It’s a morbid interest of mine to see what writerly suicides had to say about ending it before they ended it. “No I don’t have a gun,” sang Kurt Cobain, but it turns out he did.

In the Kenyon speech, Wallace speaks of suicide. It is hardly a coincidence, he said, that most “adults who commit suicide with firearms almost always shoot themselves in the head. They shoot the terrible master. And the truth is that most of these suicides are actually dead long before they pull the trigger.” (Though when the time came, he personally reached for the noose.)

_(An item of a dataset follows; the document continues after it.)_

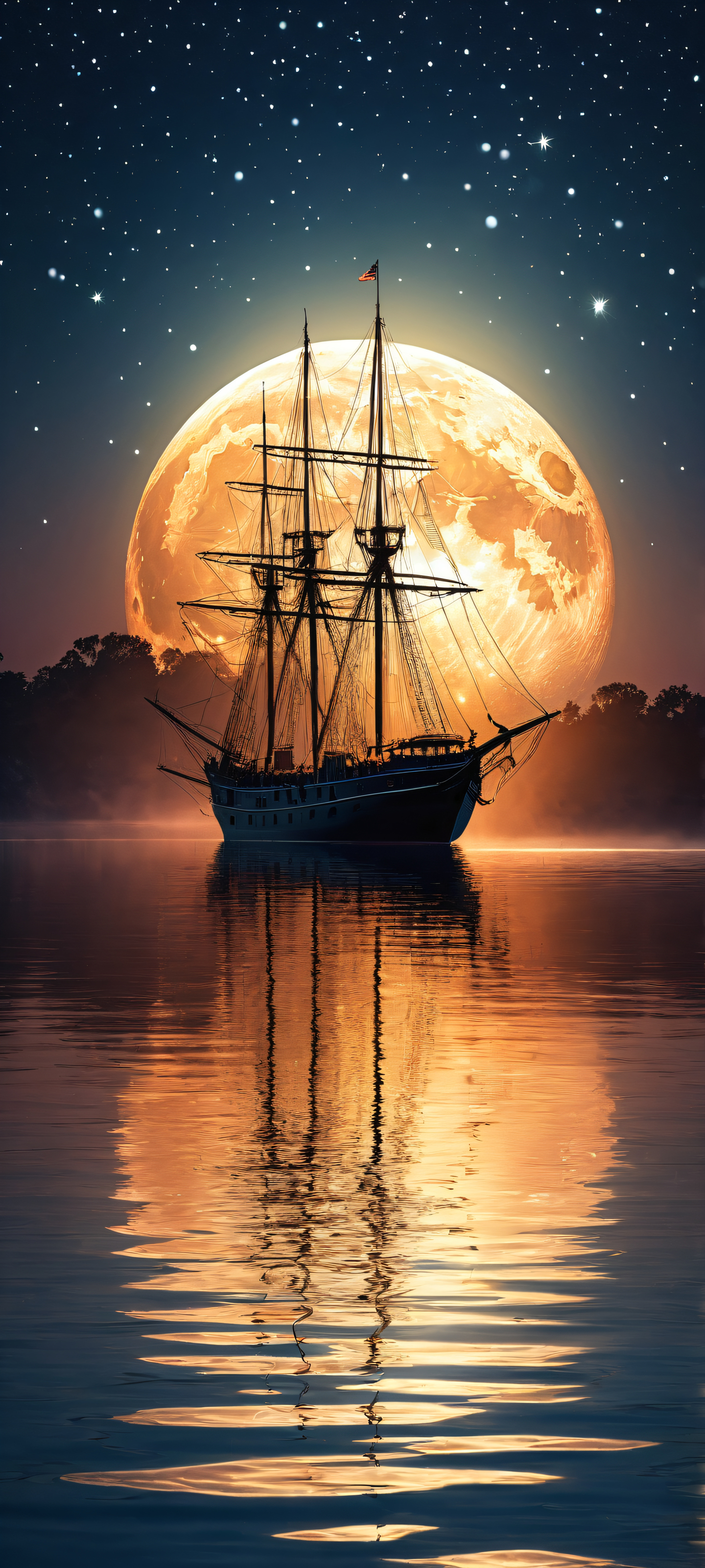 A breathtaking vertical portrait artwork of A majestic boat placed in the lower-middle, intricate micro-details of a statue’s reflection on the water’s surface., Perfectly clean and empty top half with vast pure void, allowing for seamless UI integration, while the lower half features a moonlit palace with stars shining bright in the night sky., Award-winning digital art, 原始的な透明度, featuring stunning visual impact with a 16:9 aspect ratio, perfect for an epic desktop wallpaper., Ethereal lighting, capturing the soft glow of the full moon casting a radiant beam onto the water’s surface, accompanied by subtle reflections and starry twinkles., #87CEEB #45B3FA #F7D2C4 #454545 #3498DB, ethereal lighting, radiant, brilliant colors, ray traced reflections, 原始的な透明度, portrait composition, centered subject in the lower middle, perfectly clean and smooth top half for UI, extreme depth of field blurred background, highly textured surfaces, intricate micro-details, physically based rendering, award-winning digital art, epic breathtaking scale, stunning visual impact, perfect composition, macOS wallpaper aesthetic, masterpiece, 2K QHD resolution, 9:20 aspect ratio.

Wallace used suicide as a pivot, telling the students that the “real, no bullshit value of your liberal arts education is supposed to be about how to keep from going through your comfortable, prosperous, respectable adult life dead, unconscious, a slave to your head and to your natural default setting of being uniquely, completely, imperially alone…”

He didn’t suggest religion as a remedy, but he came close, telling the crowd “there is actually no such thing as atheism” in a practical sense. “Everybody worships. The only choice we get is what to worship.”

He nudged them further. “The compelling reason for maybe choosing some sort of god or spiritual-type thing to worship–be it JC or Allah, be it Yahweh or the Wiccan Mother Goddess, or the Four Noble Truths, or some inviolable set of ethical principles,” he said, “is that pretty much anything else you worship will eat you alive.”

Exhibit A: “If you worship money and things, if they are where you tap real meaning in life, then you will never have enough, never feel you have enough.”

Exhibit B: “Worship your body and beauty and sexual allure and you will always feel ugly. And when time and age start showing, you will die a million deaths before they finally grieve you.”

Exhibit C: “Worship power, you will end up feeling weak and afraid, and you will need ever more power over others to numb you to your own fear.”

Exhibit D: “Worship your intellect, being seen as smart, you will end up feeling stupid, a fraud, always on the verge of being found out.”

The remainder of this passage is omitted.